NeverGoingBack said:


> ... Just thinking about the holidays coming up and how they are going to be spent single this yr. no decorating the Xmas tree and going to this awesome Xmas light display walk through at a park, having thanksgiving at her families home like I did every yr(I don’t really have any family.)


May I make a suggestion or two?

I recommend this year that you have TWO thanksgivings. For the first one, go volunteer at a homeless shelter that's having a thanksgiving meal. SHARE with people who are less fortunate, and you will soon discover just how blessed you are and you'll also make someone else feel "not so alone." For the second one, invite over anyone you know who doesn't have anywhere to go for thanksgiving. You make the turkey--they bring a dish to share if they want to come...and you will have more food than you know what to do with!

Next, for Christmas, I recommend that you think about what traditions are important to YOU (just you...all yours) and do those traditions. If there is a tradition you've always WANTED to do but couldn't because of being married, do that tradition too. And if there's a new tradition you aren't sure about but you want to try...try it! 

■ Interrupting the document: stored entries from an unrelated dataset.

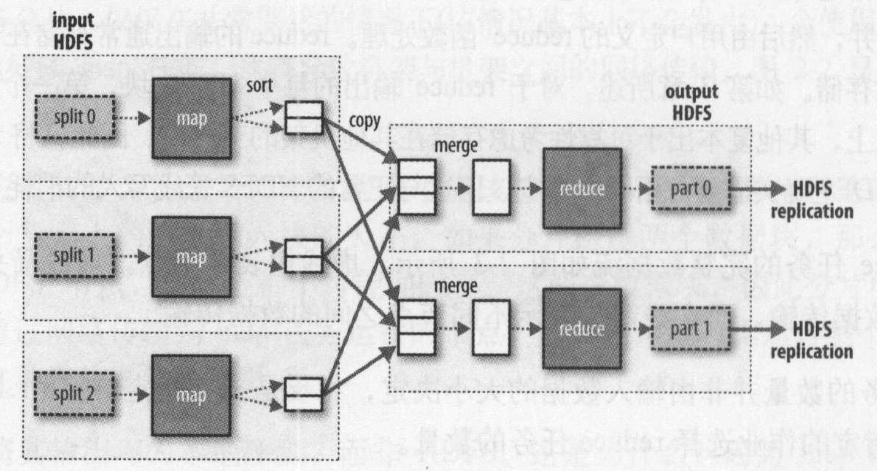 每个 ReduceTask 都包含所有 MapTask 的结果的一部分,比如说,假设它的 partitioner 是按字符串的“基数”进行分区,则 MapTask1,2,3 的结果中可能所有 A、B、C 开头的所有单词会传递给 ReduceTask1,D、E、F 开头的所有单词会传递给 ReduceTask2……但实际的 partitioner 一般使用哈希算法,以保证分区尽量均匀;而用户则需要保证每个 MapTask 的输出值尽量均匀,即每个 K 对应的 V 的数量尽量相同,从而保证每个 ReduceTask 的工作量基本相同。
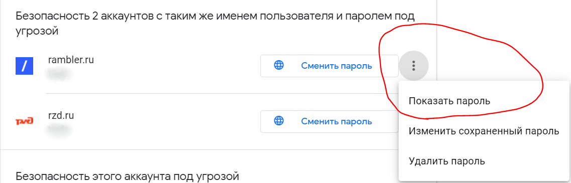 В итоге показал вот это. Там есть опция в меню "Показать пароль". Для двух первых сайтов показал какую-то полную ерунду - то самое слово "areas", которое я, понятное дело, в качестве пароля нигде никогда не использовал. А для остальных аккаунтов показал древний-древний пароль, который я последний раз использовал, наверное, лет пятнадцать назад.
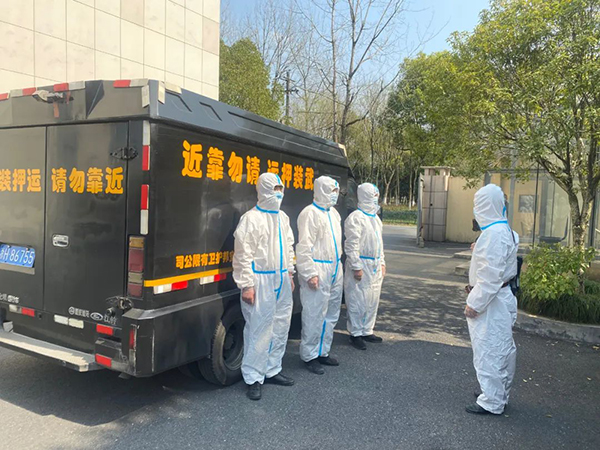 因为疫情封控等原因导致守押大队早接包人员不足,为保障城市金融安全畅通,守押大队立即安排晚接包和待命人员形成临时车组,统筹调配人车资源,大队全员配合,无一人提出异议,确保衢城金融服务正常有序开展。守押大队化身疫情防控消毒员,每天他们背着20多斤的消毒液对大院、金库、办公室、会议室、宿舍、食堂、车库、楼道、洗手间、快递室以及运钞车、款箱、枪支弹药进行消毒,让病毒无处藏身,为公司穿上防护服。
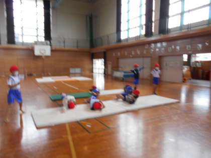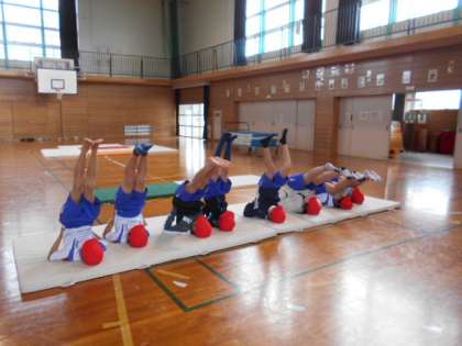 12月8日(木)4年生は体育でマット運動をしていました。写真は、赤団。
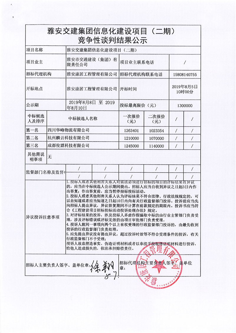 雅安交建集團(tuán)信息化建設(shè)項目(二期)競爭性談判結(jié)果公示
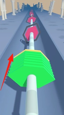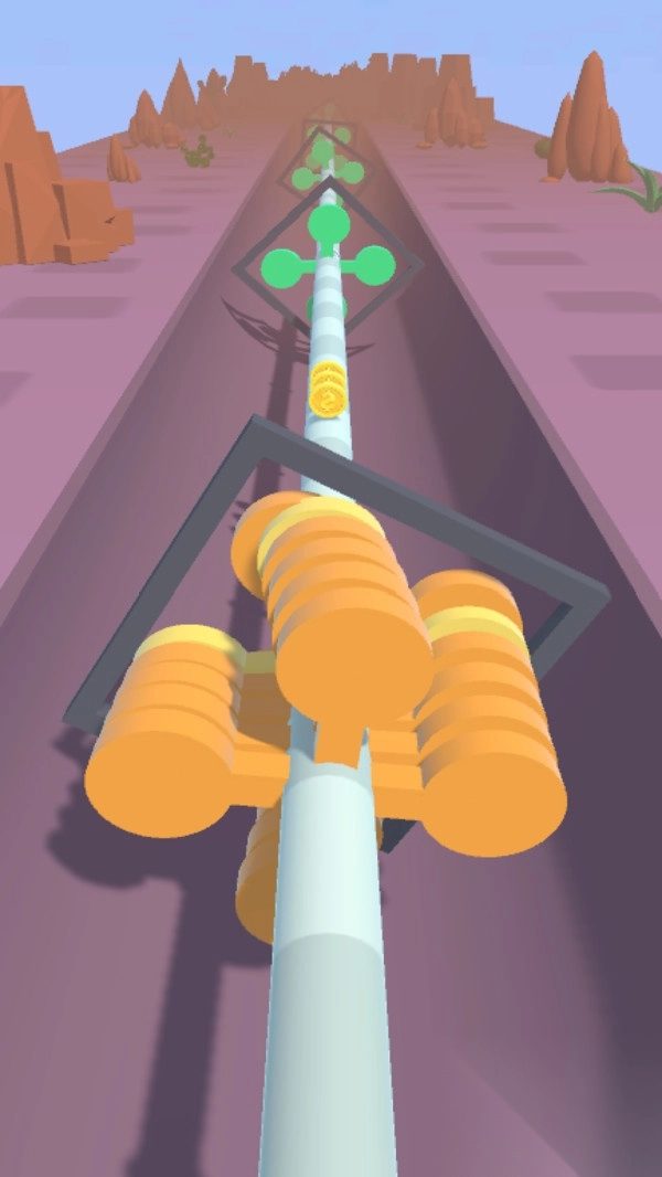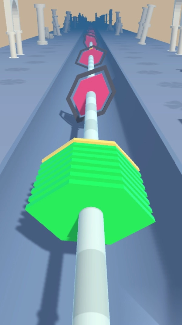 1. 操控黄、紫、绿三色球柱,使其形状与路径上的三叶草、圆环、八边形等缺口适配,穿过这些缺口并持续推进。

My first Christmas after divorce, my exH took my kids to DisneyLand (I seriously could not make this up!). Anyway, I was all alone, so I went to the Nutcracker Ballet and LOVED IT! I got super dressed up. I also took myself on a horse-drawn carriage ride...why not? I went to the candle-light Christmas Eve service, and it meant something to me. I made pancakes for myself in my pajamas, and enjoyed it! I called my family (parents and siblings), and baked cookies, and then went SLEDDING. Again...why not? My point is that I did some stuff I like that no one else does (no one in my family wanted to go to the ballet--trust me LOL...and no one thought an adult should go sledding).


----------



## Mr.Married (Feb 21, 2018)

Affaircare said:


> May I make a suggestion or two?
> 
> ..and no one thought an adult should go sledding).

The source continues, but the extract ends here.